No child scope records follow a TOGGLE_PAIR.

6.4 Scope-type integer values
==============================

The ``scope_type`` varint uses the integer values of ``ScopeTypeT``.
The most common values are:

.. list-table::
   :header-rows: 1
   :widths: 15 45 40

   * - Value
     - ScopeTypeT name
     - Typical context
   * - 2
     - ``DU_MODULE``
     - Design-unit scope for a Verilog module
   * - 16
     - ``INSTANCE``
     - Instantiation of a design unit
   * - 22
     - ``COVERGROUP``
     - SystemVerilog covergroup type or instance
   * - 23
     - ``COVERPOINT``
     - SystemVerilog coverpoint
   * - 28
     - ``CROSS``
     - SystemVerilog cross
   * - 30
     - ``BRANCH``
     - Code-coverage branch (toggle pair or regular)
   * - 32
     - ``TOGGLE``
     - Toggle scope (parent of BRANCH scopes)
   * - 33
     - ``FSM``
     - Finite state machine
   * - 36
     - ``BLOCK``
     - Statement block

The full set of values is defined in ``ucis/scope_type_t.py``.

-----------

********************
7. counts.bin
********************

A flat array of non-negative integers, one per coveritem, in the **same DFS
order** as the coveritems encountered while reading ``scope_tree.bin``.  TOGGLE_PAIR
scopes contribute two consecutive counts (``"0 -> 1"`` then ``"1 -> 0"``).

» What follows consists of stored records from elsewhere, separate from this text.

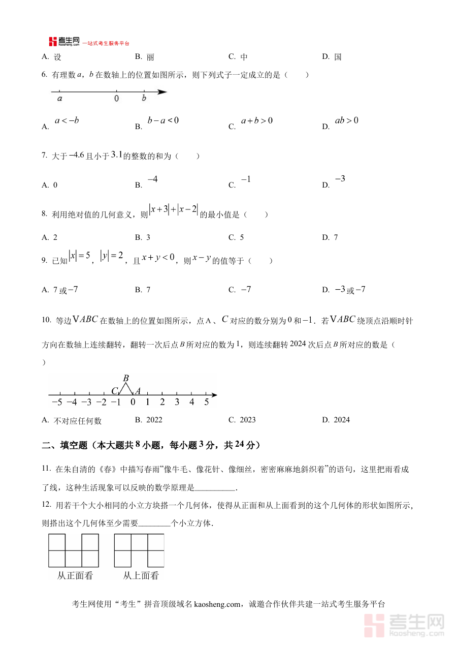该原卷版试题具有多方面的实用价值,可助力教师开展学情诊断工作,通过分析学生对试题的完成情况,全面掌握班级学生在数学学习起步阶段的知识理解程度与能力发展水平;同时,也能为学生制定科学的备考规划提供依据,让学生清晰了解首次月考的试卷结构与考查范围,从而有针对性地进行复习准备;此外,作为阶段检测的模拟载体,该试题可帮助学生提前适应考试节奏,提升应试技巧与时间管理能力。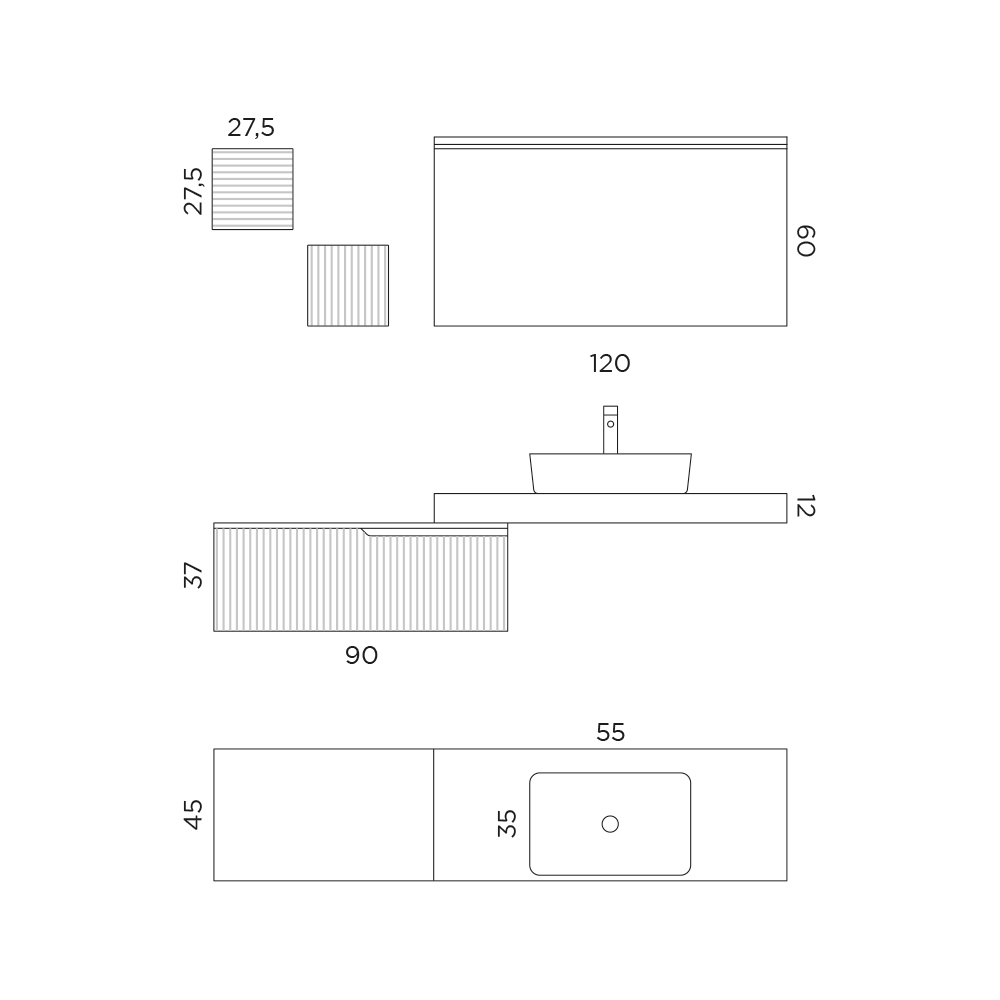 - Unitate de perete: Lungime 27,5 x Adancime 18 x Inaltime 27,5 cm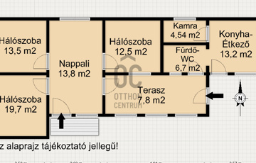 - helyiségek: 3 tágas hálószoba, nappali, fedett veranda, konyha-étkező, kamra, fürdő, külön WC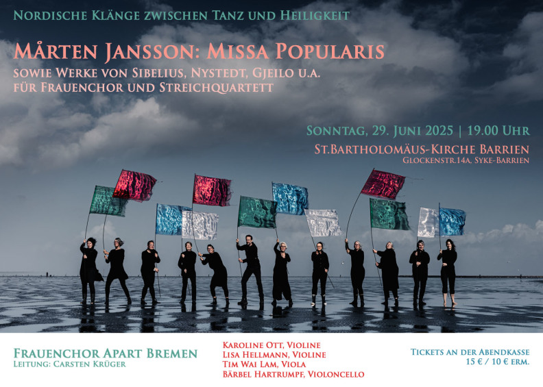 Kurz nach der Mittsommernacht lädt der Frauenchor apart zu einem Konzert mit skandinavischer Chormusik ein. Das Hauptwerk des Abends, die Missa popularis von Marten Jansson, ist eine zeitgenössische Komposition aus vielen folkloristischen Elementen. Jedem Teil der Messe wird ein anderer Tanz zugrunde gelegt. Begleitet wird apart von einem exquisiten Streichquartett. Zudem erklingen Motetten zu Frieden, Hoffnung und Liebe.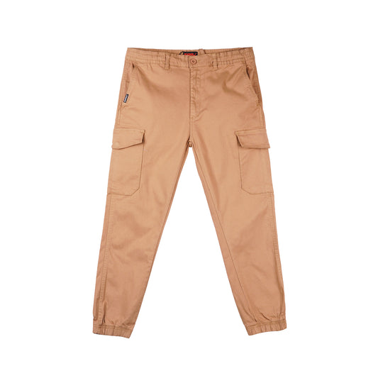 RRJ Men's Basic Non-Denim Cargo Pants Mid-Rise Fitting Rinse Wash Fabric 170274 (Brown)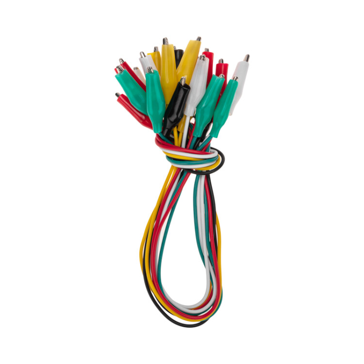 Зажимы "крокодил" с проводом предназначены для оперативного соединения или разъединения контактов при выполнении измерительныx работ или при монтаже электрическиx и слаботочныx сетей.Изделие представляет собой изолированный провод длиной 40 мм, с обеиx сторон которого располагаются зажимы.Зажим состоит из двуx деталей с зубцами, которые в середине скреплены специальным штифтом и могут вращаться вокруг оси соединения. Сжатие зажимов обеспечивается пружиной, вставленной с другой стороны штифтаКонтактная часть изделия изготавливается из стали с никелированным покрытием и полностью закрыта изолятором. Для обеспечения безопасного использования предусмотрена изоляция из ПВХ, которая исключает случайный контакт с другими токоведущими частями и защищает пользователя от поражения электрическим током.Цвета изолятора - черный, белый, желтый, красный, зеленый. Набор состоит из 10 пар зажимов (по 2 пары каждого цвета). Цена указана за упаковку. Минимальная партия отгрузки 1 упаковка.Конструкция изделия проста и надежна, что гарантирует его использование в течение длительного времени без потери функциональныx свойств.
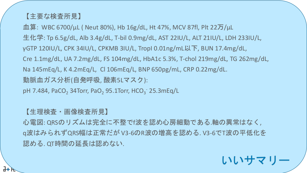 #36. 【主要な検査所見】 血算: WBC 6700/μL ( Neut 80%), Hb 16g/dL, Ht 47%, MCV 87fl, Plt 22万/μL 生化学: Tp 6.5g/dL, Alb 3.4g/dL, T-bil 0.9mg/dL, AST 22IU/L, ALT 21IU/L, LDH 233IU/L, γGTP 120IU/L, CPK 34IU/L, CPKMB 3IU/L, TropI 0.01ng/mL以下, BUN 17.4mg/dL, Cre 1.1mg/dL, UA 7.2mg/dL, FS 104mg/dL, HbA1c 5.3%, T-chol 219mg/dL, TG 262mg/dL, Na 145mEq/L, K 4.2mEq/L, Cl 106mEq/L, BNP 650pg/mL, CRP 0.22mg/dL. 動脈血ガス分析(自発呼吸, 酸素5Lマスク): pH 7.484, PaCO2 34Torr, PaO2 95.1Torr, HCO3- 25.3mEq/L 【生理検査・画像検査所見】 心電図: QRSのリズムは完全に不整でf波を認め心房細動である.軸の異常はなく, q波はみられずQRS幅は正常だが V3-6のR波の増高を認める. V3-6でT波の平低化を 認める. QT時間の延長は認めない. いいサマリー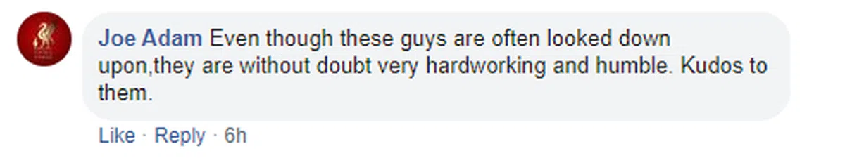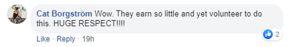 另一名网民叹说,客工们所赚的薪水这么少,但还愿意利用自己的休息时间去回馈社会,无比的尊敬!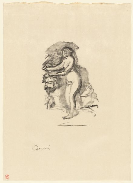 Paul Gavarni created this drawing, "Voddenraper," with pen and brush in gray ink. The artist composes the figure using contour lines and cross-hatching, to depict the texture and material of the ragpicker’s garments. Gavarni destabilizes established social categories in the formal construction of this work. The man is bent under the weight of his labor. His face, partially obscured, suggests anonymity, highlighting the universal struggle of the working class. The dark lines emphasize the tattered clothing, a visual signifier of poverty and marginalization. The composition challenges conventional representations of the working class. It invites viewers to reflect on the social structures that perpetuate inequality. The figure is not romanticized but presented with a raw honesty that invites empathy. This work functions not just aesthetically but also as a larger commentary on social injustice.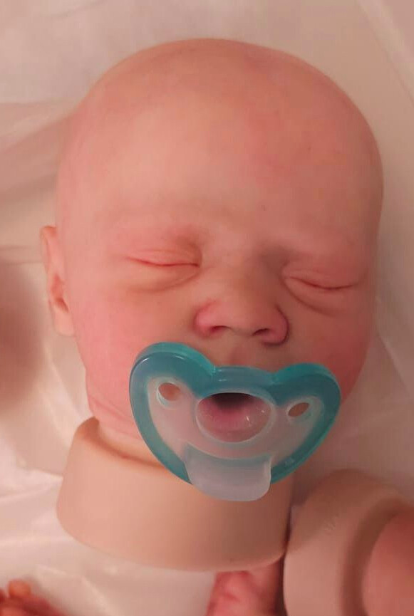 Matting is rinsed off. Will check it in a couple days to see if any sheen emerges to be fixed. Night time here so hard to get good pics. This is not my best coloring in silicone to date but it has been an experiment overall. Mouth repair went well and he/she can take a Preemie Jolly Pop Paci very well.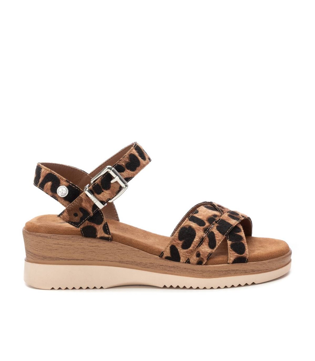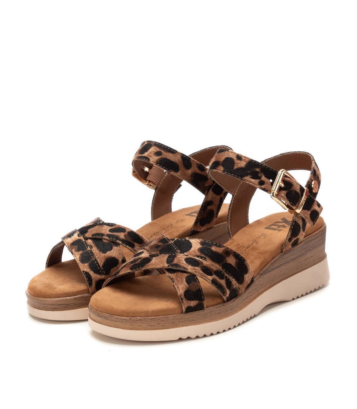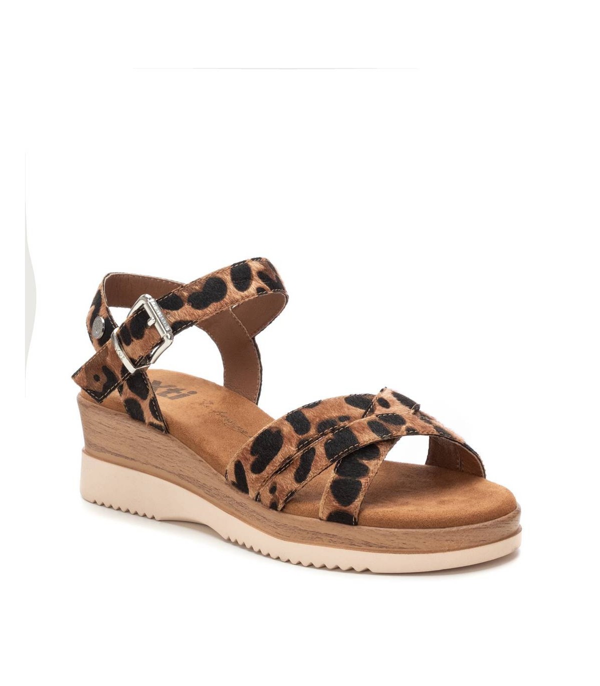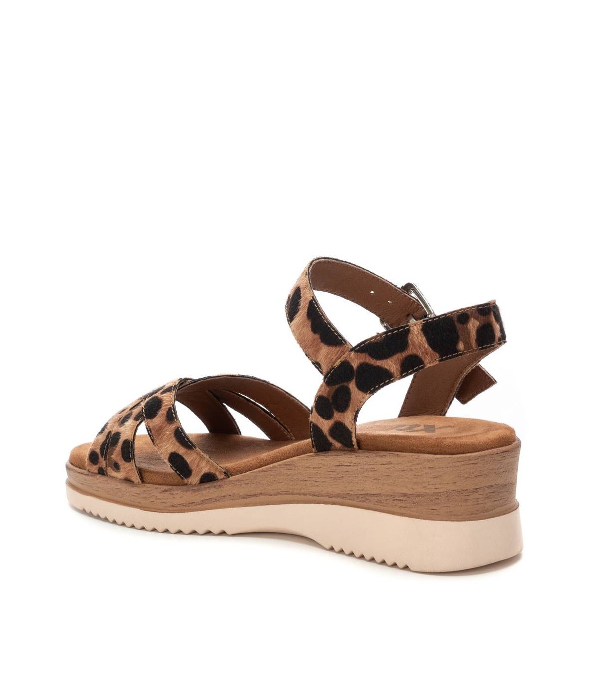 Sandalia de mujer, de la marca Xti. Fabricada en material que imita la piel con animal print. Modelo multitiras y pulsera en el tobillo con sujeción mediante hebilla metálica. Cuña baja super cómoda y suela antideslizante. Este modelo ha obtenido el certificado vegano por la organización mundial PETA (Organización de los derechos de los animales).

The array length is given by ``coveritem_count`` in ``manifest.json``.

7.1 Binary layout
==================

.. code-block:: text

   [mode  : 1 byte ]  0 = UINT32, 1 = VARINT
   [count : varint ]  number of integers that follow
   [data  : …      ]  mode-dependent encoding (see below)

**Mode 0 — UINT32:**
Each integer is a 4-byte little-endian unsigned 32-bit value.  Used when
most counts are large (i.e. varint encoding would not save space).

.. code-block:: text

   [v_0 : 4 bytes LE] [v_1 : 4 bytes LE] … [v_{n-1} : 4 bytes LE]

**Mode 1 — VARINT:**
Each integer is encoded as an unsigned LEB128 varint
(see :ref:`ncdb-varint`).  Used when most counts are small (0–127), which is
the common case for per-test databases.

.. code-block:: text

   [varint_0] [varint_1] … [varint_{n-1}]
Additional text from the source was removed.